Records from a collection:
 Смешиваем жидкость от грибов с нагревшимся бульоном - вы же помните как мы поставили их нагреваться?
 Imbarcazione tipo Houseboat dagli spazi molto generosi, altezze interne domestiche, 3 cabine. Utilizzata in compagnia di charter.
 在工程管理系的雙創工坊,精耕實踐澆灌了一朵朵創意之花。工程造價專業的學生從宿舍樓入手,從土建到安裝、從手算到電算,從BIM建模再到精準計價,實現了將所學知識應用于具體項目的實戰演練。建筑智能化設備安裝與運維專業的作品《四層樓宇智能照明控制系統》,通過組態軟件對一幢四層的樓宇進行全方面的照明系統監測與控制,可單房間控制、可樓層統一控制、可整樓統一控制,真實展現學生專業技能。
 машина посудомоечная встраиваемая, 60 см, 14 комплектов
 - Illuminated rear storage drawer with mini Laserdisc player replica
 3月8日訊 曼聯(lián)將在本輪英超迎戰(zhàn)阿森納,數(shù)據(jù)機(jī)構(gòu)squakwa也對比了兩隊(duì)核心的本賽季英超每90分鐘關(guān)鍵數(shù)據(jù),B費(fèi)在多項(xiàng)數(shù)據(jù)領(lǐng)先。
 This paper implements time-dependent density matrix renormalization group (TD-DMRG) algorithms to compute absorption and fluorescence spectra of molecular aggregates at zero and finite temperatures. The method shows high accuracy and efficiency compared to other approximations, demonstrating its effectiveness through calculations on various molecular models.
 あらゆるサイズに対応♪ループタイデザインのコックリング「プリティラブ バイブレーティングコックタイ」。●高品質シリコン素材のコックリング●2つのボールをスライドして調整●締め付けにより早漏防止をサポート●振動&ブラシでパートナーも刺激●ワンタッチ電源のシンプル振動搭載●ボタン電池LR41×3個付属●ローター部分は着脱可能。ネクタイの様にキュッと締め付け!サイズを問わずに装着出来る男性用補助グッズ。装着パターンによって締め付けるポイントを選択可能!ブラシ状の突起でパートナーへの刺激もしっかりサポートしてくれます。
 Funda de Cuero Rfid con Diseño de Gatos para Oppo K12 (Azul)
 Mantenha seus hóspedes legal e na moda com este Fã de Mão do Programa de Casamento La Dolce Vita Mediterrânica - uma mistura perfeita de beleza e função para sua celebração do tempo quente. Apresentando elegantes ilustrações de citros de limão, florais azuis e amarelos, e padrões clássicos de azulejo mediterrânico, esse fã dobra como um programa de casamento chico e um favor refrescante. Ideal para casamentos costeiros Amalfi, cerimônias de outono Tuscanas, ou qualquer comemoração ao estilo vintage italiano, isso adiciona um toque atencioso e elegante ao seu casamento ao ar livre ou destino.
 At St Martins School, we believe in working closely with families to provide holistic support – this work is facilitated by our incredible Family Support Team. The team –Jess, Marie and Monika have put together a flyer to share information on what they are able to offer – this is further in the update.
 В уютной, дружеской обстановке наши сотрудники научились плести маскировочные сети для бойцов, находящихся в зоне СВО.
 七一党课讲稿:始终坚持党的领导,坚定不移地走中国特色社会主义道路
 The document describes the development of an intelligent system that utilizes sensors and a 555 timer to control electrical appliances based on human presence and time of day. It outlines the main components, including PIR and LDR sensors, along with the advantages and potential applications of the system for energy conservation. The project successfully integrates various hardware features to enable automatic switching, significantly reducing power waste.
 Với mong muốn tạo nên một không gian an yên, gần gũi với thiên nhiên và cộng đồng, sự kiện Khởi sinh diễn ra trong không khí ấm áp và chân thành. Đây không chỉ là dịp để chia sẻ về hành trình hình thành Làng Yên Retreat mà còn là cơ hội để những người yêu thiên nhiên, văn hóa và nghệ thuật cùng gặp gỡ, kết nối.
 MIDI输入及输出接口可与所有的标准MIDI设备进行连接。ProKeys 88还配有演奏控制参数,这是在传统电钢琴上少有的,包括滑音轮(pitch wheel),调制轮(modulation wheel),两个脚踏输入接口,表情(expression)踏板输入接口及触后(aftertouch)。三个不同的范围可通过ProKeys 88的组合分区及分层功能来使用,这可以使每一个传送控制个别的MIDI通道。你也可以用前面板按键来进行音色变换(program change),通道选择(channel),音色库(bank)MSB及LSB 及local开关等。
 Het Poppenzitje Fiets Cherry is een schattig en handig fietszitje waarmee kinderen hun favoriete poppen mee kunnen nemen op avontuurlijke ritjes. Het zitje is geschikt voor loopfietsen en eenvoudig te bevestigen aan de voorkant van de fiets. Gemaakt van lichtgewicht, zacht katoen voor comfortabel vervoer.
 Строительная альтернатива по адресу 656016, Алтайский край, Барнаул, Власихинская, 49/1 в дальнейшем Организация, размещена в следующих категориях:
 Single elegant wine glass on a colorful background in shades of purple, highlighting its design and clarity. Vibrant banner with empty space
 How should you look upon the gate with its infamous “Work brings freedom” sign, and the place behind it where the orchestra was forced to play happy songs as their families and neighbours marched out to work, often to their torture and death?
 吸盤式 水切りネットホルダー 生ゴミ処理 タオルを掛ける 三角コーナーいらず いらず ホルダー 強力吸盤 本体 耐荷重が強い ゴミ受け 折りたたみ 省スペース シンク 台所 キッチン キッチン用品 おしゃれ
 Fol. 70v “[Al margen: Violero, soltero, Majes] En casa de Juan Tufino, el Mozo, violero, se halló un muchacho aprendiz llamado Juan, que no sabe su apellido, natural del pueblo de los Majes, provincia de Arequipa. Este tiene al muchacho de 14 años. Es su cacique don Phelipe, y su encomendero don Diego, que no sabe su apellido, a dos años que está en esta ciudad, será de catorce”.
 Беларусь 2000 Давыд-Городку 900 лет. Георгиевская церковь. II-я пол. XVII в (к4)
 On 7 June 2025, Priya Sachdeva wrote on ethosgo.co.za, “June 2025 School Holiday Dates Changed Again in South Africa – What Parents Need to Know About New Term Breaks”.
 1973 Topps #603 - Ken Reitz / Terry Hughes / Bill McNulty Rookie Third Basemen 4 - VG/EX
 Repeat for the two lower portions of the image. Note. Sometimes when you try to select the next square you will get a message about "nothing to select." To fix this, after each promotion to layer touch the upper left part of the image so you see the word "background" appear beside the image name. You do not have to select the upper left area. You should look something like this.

Problem to solve:
Looking at the data above, return every line from the one with "- Illuminated rear" down to the one with "Funda de Cuero", exactly and inclusively.

Your solution:
 - Illuminated rear storage drawer with mini Laserdisc player replica
 3月8日訊 曼聯(lián)將在本輪英超迎戰(zhàn)阿森納,數(shù)據(jù)機(jī)構(gòu)squakwa也對比了兩隊(duì)核心的本賽季英超每90分鐘關(guān)鍵數(shù)據(jù),B費(fèi)在多項(xiàng)數(shù)據(jù)領(lǐng)先。
 This paper implements time-dependent density matrix renormalization group (TD-DMRG) algorithms to compute absorption and fluorescence spectra of molecular aggregates at zero and finite temperatures. The method shows high accuracy and efficiency compared to other approximations, demonstrating its effectiveness through calculations on various molecular models.
 あらゆるサイズに対応♪ループタイデザインのコックリング「プリティラブ バイブレーティングコックタイ」。●高品質シリコン素材のコックリング●2つのボールをスライドして調整●締め付けにより早漏防止をサポート●振動&ブラシでパートナーも刺激●ワンタッチ電源のシンプル振動搭載●ボタン電池LR41×3個付属●ローター部分は着脱可能。ネクタイの様にキュッと締め付け!サイズを問わずに装着出来る男性用補助グッズ。装着パターンによって締め付けるポイントを選択可能!ブラシ状の突起でパートナーへの刺激もしっかりサポートしてくれます。
 Funda de Cuero Rfid con Diseño de Gatos para Oppo K12 (Azul)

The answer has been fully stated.